Your financial situation has changed
A change to your financial situation could impact your home loan application. Maybe you’ve lost your job or are working less since you were pre-approved.
Lenders will look at your ability to comfortably repay a home loan, and if your income has taken a hit of late, then you may be rejected. Likewise, if you’ve changed jobs since getting pre-approved, your lender may deem you to be a risky borrower and decline your home loan application.
Bottom line: avoid changing jobs or selling assets between pre-approval and applying for a mortgage.
Your credit score has deteriorated
If you’ve applied for other credit products since being pre-approved (such as a car loan or credit card), taken on more debt or missed repayments on existing debt, your credit score may be affected.
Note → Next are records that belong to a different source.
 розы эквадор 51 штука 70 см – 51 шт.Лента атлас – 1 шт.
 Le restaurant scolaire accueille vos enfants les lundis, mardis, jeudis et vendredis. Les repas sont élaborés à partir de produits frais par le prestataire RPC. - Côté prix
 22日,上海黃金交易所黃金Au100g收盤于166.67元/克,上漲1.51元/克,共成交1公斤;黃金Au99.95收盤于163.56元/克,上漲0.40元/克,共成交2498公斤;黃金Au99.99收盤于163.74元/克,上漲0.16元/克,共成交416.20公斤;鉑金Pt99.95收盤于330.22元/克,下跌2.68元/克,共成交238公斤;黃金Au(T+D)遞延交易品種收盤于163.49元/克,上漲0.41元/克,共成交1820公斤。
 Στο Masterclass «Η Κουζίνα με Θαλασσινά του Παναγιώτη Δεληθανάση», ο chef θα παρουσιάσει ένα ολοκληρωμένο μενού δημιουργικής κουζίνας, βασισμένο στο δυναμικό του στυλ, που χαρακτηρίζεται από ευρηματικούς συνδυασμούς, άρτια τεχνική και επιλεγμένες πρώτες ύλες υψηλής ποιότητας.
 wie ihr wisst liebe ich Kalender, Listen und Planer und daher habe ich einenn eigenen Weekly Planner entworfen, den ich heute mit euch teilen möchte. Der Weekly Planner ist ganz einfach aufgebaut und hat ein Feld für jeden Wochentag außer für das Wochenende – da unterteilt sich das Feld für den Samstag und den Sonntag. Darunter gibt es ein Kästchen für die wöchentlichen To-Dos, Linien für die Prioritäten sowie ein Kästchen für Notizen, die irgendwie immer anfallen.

This in turn could impact your ability to get over the line with a lender.
Be mindful of managing your existing debt carefully and avoid applying for other forms of debt after pre-approval.
The lending criteria has changed
In some instances, changes to the bank’s lending criteria could put your home loan application on ice. If they tighten their lending conditions after you were pre-approved, you may no longer be eligible for finance.
In some instances, the lender may have given you pre-approval incorrectly. For example, they may not have properly verified your information or you may have omitted information that affects your home loan application.
Be sure to provide all the right documentation right from the get-go.
The lender has reservations about the property
Lenders may be hesitant to provide finance for certain types of properties, particularly those they suspect may be difficult to sell down the track. Examples may include inner city apartments, properties needing significant renovations and those in high-risk disaster-prone areas.
Check with your lender prior to house hunting about whether they’re less inclined to lend money for certain types of properties.